* **Task goal**:
Write each entry again exactly as shown, but without the images it holds.

Data entries
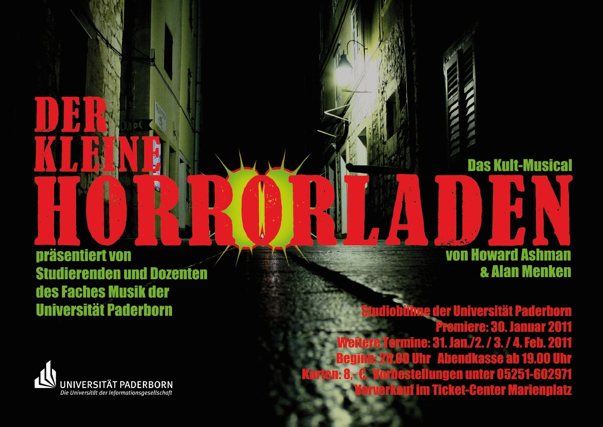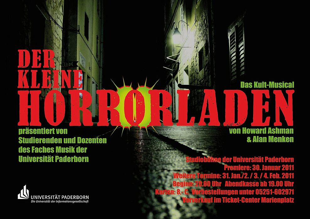 Studierende des Faches Musik an der Universität Paderborn präsentieren unter der Regie von Prof. Dr. Thomas Krettenauer und der musikalischen Leitung von Uli Lettermann das Kultmusical „Der kleine Horrorladen“. Die absurde Geschichte des kleinen Blumenladenangestellten, der durch eine fleischfressende Pflanze zu zweifelhaftem Ruhm kommt, überzeugt nicht nur durch die witzige Geschichte, sondern auch durch die mitreißende Musik von Oscar-Gewinner Alan Menken.
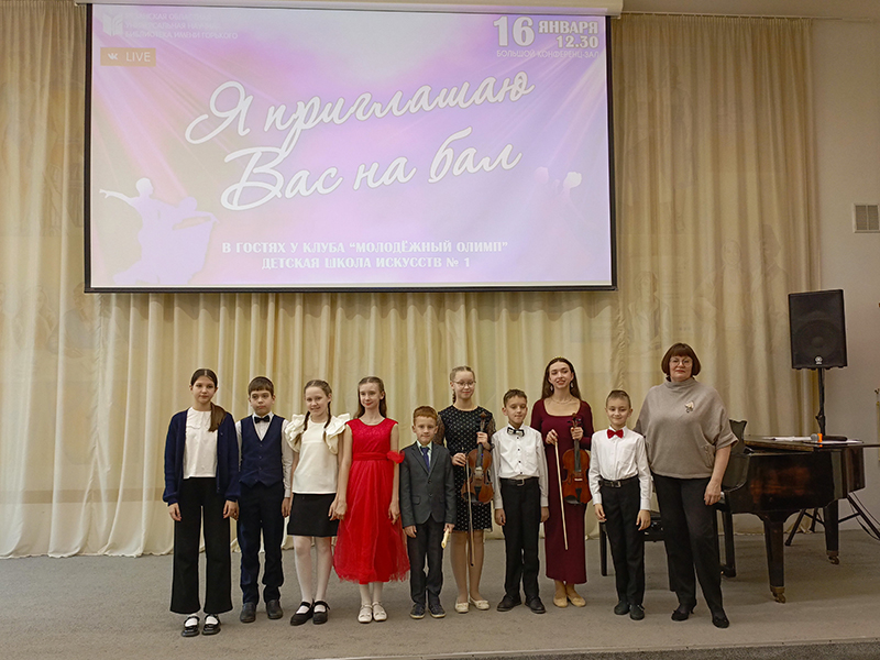 16 января в молодёжной секции клуба «ОЛИМП» состоялась лекция-концерт «Я приглашаю Вас на бал». Ее подготовили и провели наши добрые друзья и партнеры - преподаватели и ученики Детской школы искусств № 1 г. Рязани. Зрителями мероприятия стали учащиеся начальных классов школ № 6 и №36.
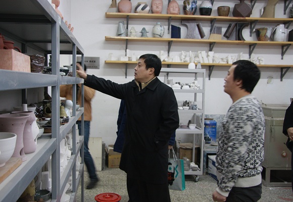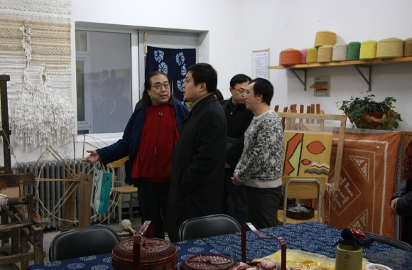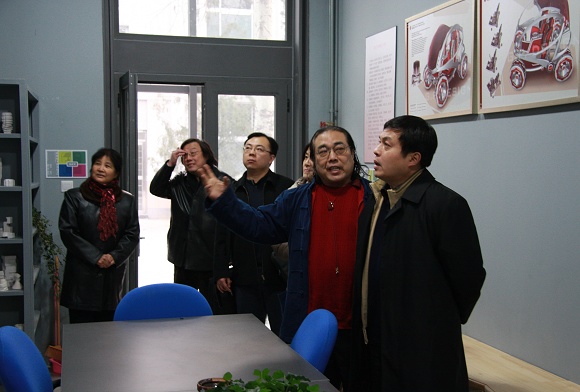 胡海岩校长参观漆画工艺实验室,胡海岩校长还参观了设计艺术学院综合实验室、工业设计系、传统工艺试验基地。
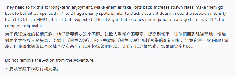针对这个问题,这位玩家也给出了自己的建议:他觉得官方可以添加一些地图事件或者限时活动,让敌人有机会重新夺回被玩家占领的据点,同时提高敌人的刷新频率。不然的话,就算游戏里的怪物再多、地图再大,迟早也会被玩家彻底清空,后期玩起来会格外枯燥。
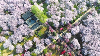 3月25日,鄢陵县唐韵樱花园樱花怒放。近日,唐韵樱花园万余棵樱花树进入盛花期,从空中俯瞰,花海如云似雪,吸引游客前来赏花。
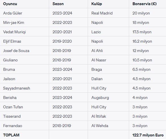 Kanarya hemen her sezon en az bir oyuncuyu Avrupa’ya veya Arap Yarımadası’na yüksek bonservis bedeliyle satmayı başardı; performansını yükselttiği oyuncuların satışından önemli bonservis geliri elde etti. Giuliano, Josef de Souza, Fernandao, Eljif Elmas, Vedat Muriqi ve Min Jae Kim’den sonra Arda Güler de kulübün kasasını doldurarak gitti.
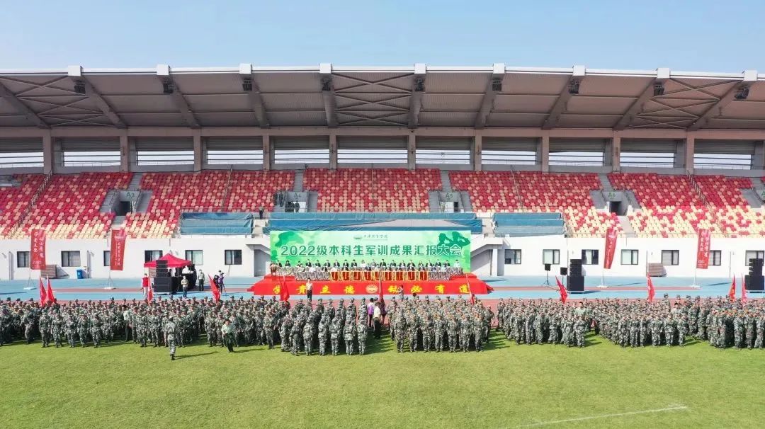 9月28日上午,beat365中文版官方网站2022级本科生军训成果汇报大会在田径场举行。天津警备区学生军训工作办公室主任辛维刚大校,beat365中文版官方网站党委书记、军训工作领导小组组长张立顺,beat365中文版官方网站党委副书记、院长、军训工作领导小组组长张欣,beat365中文版官方网站党委副书记、军训工作领导小组副组长宋爱军,beat365中文版官方网站副院长、军训工作领导小组副组长张卫国,天津市教委体美劳处齐双一,天津市公安局静海分局华康派出所副所长王莹,beat365中文版官方网站优秀校友、天津市消防救援总队静海支队朱枫出席,学校办公室、党委组织部、党委宣传部、党委统战部、党委安全工作部、教务处、后勤处、人民武装部、团委主要负责同志,各二级教学单位党政领导,全体新生、辅导员、墨盾书院承训教官、军训工作人员参加。大会由宋爱军主持。
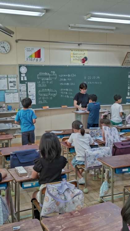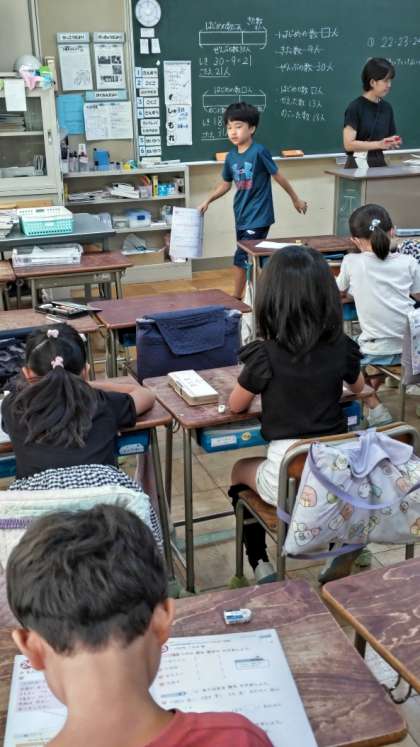 (そしてテープ図を書いて、たし算なのか、ひき算なのか考えます)
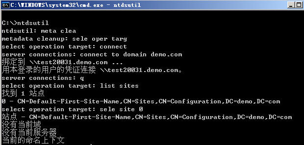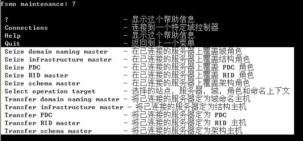 二、把FSMO角色强行夺取过来。这里又要用到“Ntdsutil”了:
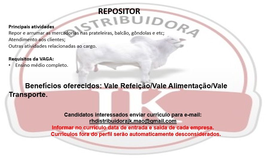 Distribuidora deseja contratar Repositor; Envie seu currículo!
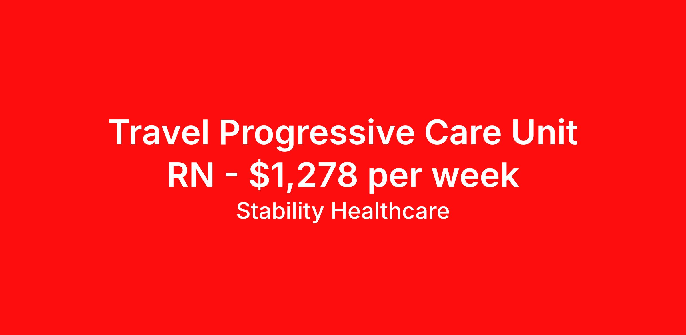 Stability Healthcare is seeking a travel nurse RN PCU - Progressive Care Unit for a travel nursing job in Jacksonville, Florida. Job Description & Requirements Specialty: PCU - Progressive Care Unit Discipline: RN Start Date: 04/12/2026 Duration: 13 weeks 36 hours per week Shift: 12 hours, nights Employment Type: Travel Stability Healthcare is looking for a Tele Step-Down RN contract position in Jacksonville, FL. The PCU nurse is sometimes also called a step-down nurse and the PCU is also known as cardiac stepdown, medical stepdown, neuro stepdown, surgical stepdown and ER holding. PCU nursing jobs traditionally operate between the levels of general and ICU care, and more recently, in the field of critical care, as well. *$600 travel bonus *Day 1 health insurance with United Healthcare *PTO plan start accruing on day 1, use during contract or cash out at the end! *Guaranteed stipend if facility calls you off *Extra hour bonus earn an additional hourly bonus for working over your weekly contracted hours Stability Job ID 827250. Pay package is based on 12 hour shifts and 36 hours per week (subject to confirmation) with tax-free stipend amount to be determined. Posted job title: Tele Step-Down About Stability Healthcare Stability Healthcare was founded in 2009, with the mission of becoming the best Travel Nursing Agency in California. We have been rated one of the top travel nursing agencies and offer our nurses the highest paying travel nursing jobs available. We have access to the best travel assignments from 1000’s of facilities. You can start the year off in sunny California, spend the Spring in the Colorado Rockies, enjoy the Summer in the Mid-West, experience the change of seasons in Boston and New York, and hit the beaches of Florida in the winter. Our Nurses work in the best hospitals and health systems in the country. Benefits Guaranteed Hours Benefits start day 1
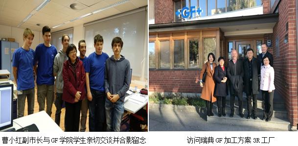为落实天津市委关于做大做强做优职业教育的相关要求,以及天津市人民政府办公厅印发的“关于深化产教融合实施方案的通知”和《关于鼓励社会力量参与职业教育办学激发职业院校办学活力的指导意见》,强化产教融合,吸引世界一流企业与我市合作,2018年10月21日至23日,天津市曹小红副市长一行访问了位于瑞士日内瓦的GF加工方案公司总部,并参观了GF电加工工厂及GF职业培训学院。
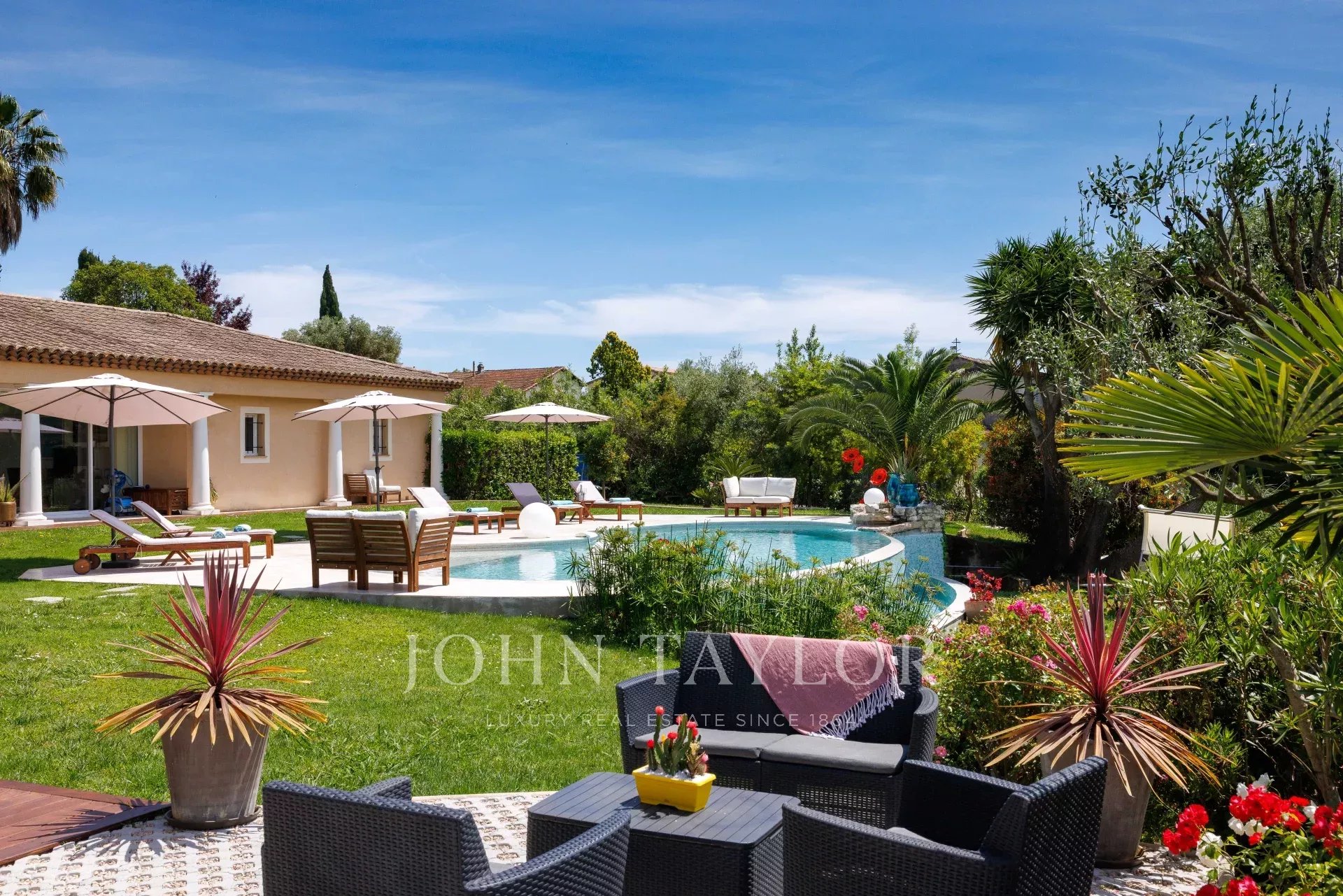 Вилла в неоклассическом стиле площадью 350 м2 расположена недалеко от деревни Сен-Поль-де-Ванс.

* **Result for this exercise**:
 Studierende des Faches Musik an der Universität Paderborn präsentieren unter der Regie von Prof. Dr. Thomas Krettenauer und der musikalischen Leitung von Uli Lettermann das Kultmusical „Der kleine Horrorladen“. Die absurde Geschichte des kleinen Blumenladenangestellten, der durch eine fleischfressende Pflanze zu zweifelhaftem Ruhm kommt, überzeugt nicht nur durch die witzige Geschichte, sondern auch durch die mitreißende Musik von Oscar-Gewinner Alan Menken.
 16 января в молодёжной секции клуба «ОЛИМП» состоялась лекция-концерт «Я приглашаю Вас на бал». Ее подготовили и провели наши добрые друзья и партнеры - преподаватели и ученики Детской школы искусств № 1 г. Рязани. Зрителями мероприятия стали учащиеся начальных классов школ № 6 и №36.
 胡海岩校长参观漆画工艺实验室,胡海岩校长还参观了设计艺术学院综合实验室、工业设计系、传统工艺试验基地。
针对这个问题,这位玩家也给出了自己的建议:他觉得官方可以添加一些地图事件或者限时活动,让敌人有机会重新夺回被玩家占领的据点,同时提高敌人的刷新频率。不然的话,就算游戏里的怪物再多、地图再大,迟早也会被玩家彻底清空,后期玩起来会格外枯燥。
 3月25日,鄢陵县唐韵樱花园樱花怒放。近日,唐韵樱花园万余棵樱花树进入盛花期,从空中俯瞰,花海如云似雪,吸引游客前来赏花。
 Kanarya hemen her sezon en az bir oyuncuyu Avrupa’ya veya Arap Yarımadası’na yüksek bonservis bedeliyle satmayı başardı; performansını yükselttiği oyuncuların satışından önemli bonservis geliri elde etti. Giuliano, Josef de Souza, Fernandao, Eljif Elmas, Vedat Muriqi ve Min Jae Kim’den sonra Arda Güler de kulübün kasasını doldurarak gitti.
 9月28日上午,beat365中文版官方网站2022级本科生军训成果汇报大会在田径场举行。天津警备区学生军训工作办公室主任辛维刚大校,beat365中文版官方网站党委书记、军训工作领导小组组长张立顺,beat365中文版官方网站党委副书记、院长、军训工作领导小组组长张欣,beat365中文版官方网站党委副书记、军训工作领导小组副组长宋爱军,beat365中文版官方网站副院长、军训工作领导小组副组长张卫国,天津市教委体美劳处齐双一,天津市公安局静海分局华康派出所副所长王莹,beat365中文版官方网站优秀校友、天津市消防救援总队静海支队朱枫出席,学校办公室、党委组织部、党委宣传部、党委统战部、党委安全工作部、教务处、后勤处、人民武装部、团委主要负责同志,各二级教学单位党政领导,全体新生、辅导员、墨盾书院承训教官、军训工作人员参加。大会由宋爱军主持。
 (そしてテープ図を書いて、たし算なのか、ひき算なのか考えます)
 二、把FSMO角色强行夺取过来。这里又要用到“Ntdsutil”了:
 Distribuidora deseja contratar Repositor; Envie seu currículo!
 Stability Healthcare is seeking a travel nurse RN PCU - Progressive Care Unit for a travel nursing job in Jacksonville, Florida. Job Description & Requirements Specialty: PCU - Progressive Care Unit Discipline: RN Start Date: 04/12/2026 Duration: 13 weeks 36 hours per week Shift: 12 hours, nights Employment Type: Travel Stability Healthcare is looking for a Tele Step-Down RN contract position in Jacksonville, FL. The PCU nurse is sometimes also called a step-down nurse and the PCU is also known as cardiac stepdown, medical stepdown, neuro stepdown, surgical stepdown and ER holding. PCU nursing jobs traditionally operate between the levels of general and ICU care, and more recently, in the field of critical care, as well. *$600 travel bonus *Day 1 health insurance with United Healthcare *PTO plan start accruing on day 1, use during contract or cash out at the end! *Guaranteed stipend if facility calls you off *Extra hour bonus earn an additional hourly bonus for working over your weekly contracted hours Stability Job ID 827250. Pay package is based on 12 hour shifts and 36 hours per week (subject to confirmation) with tax-free stipend amount to be determined. Posted job title: Tele Step-Down About Stability Healthcare Stability Healthcare was founded in 2009, with the mission of becoming the best Travel Nursing Agency in California. We have been rated one of the top travel nursing agencies and offer our nurses the highest paying travel nursing jobs available. We have access to the best travel assignments from 1000’s of facilities. You can start the year off in sunny California, spend the Spring in the Colorado Rockies, enjoy the Summer in the Mid-West, experience the change of seasons in Boston and New York, and hit the beaches of Florida in the winter. Our Nurses work in the best hospitals and health systems in the country. Benefits Guaranteed Hours Benefits start day 1
为落实天津市委关于做大做强做优职业教育的相关要求,以及天津市人民政府办公厅印发的“关于深化产教融合实施方案的通知”和《关于鼓励社会力量参与职业教育办学激发职业院校办学活力的指导意见》,强化产教融合,吸引世界一流企业与我市合作,2018年10月21日至23日,天津市曹小红副市长一行访问了位于瑞士日内瓦的GF加工方案公司总部,并参观了GF电加工工厂及GF职业培训学院。
 Вилла в неоклассическом стиле площадью 350 м2 расположена недалеко от деревни Сен-Поль-де-Ванс.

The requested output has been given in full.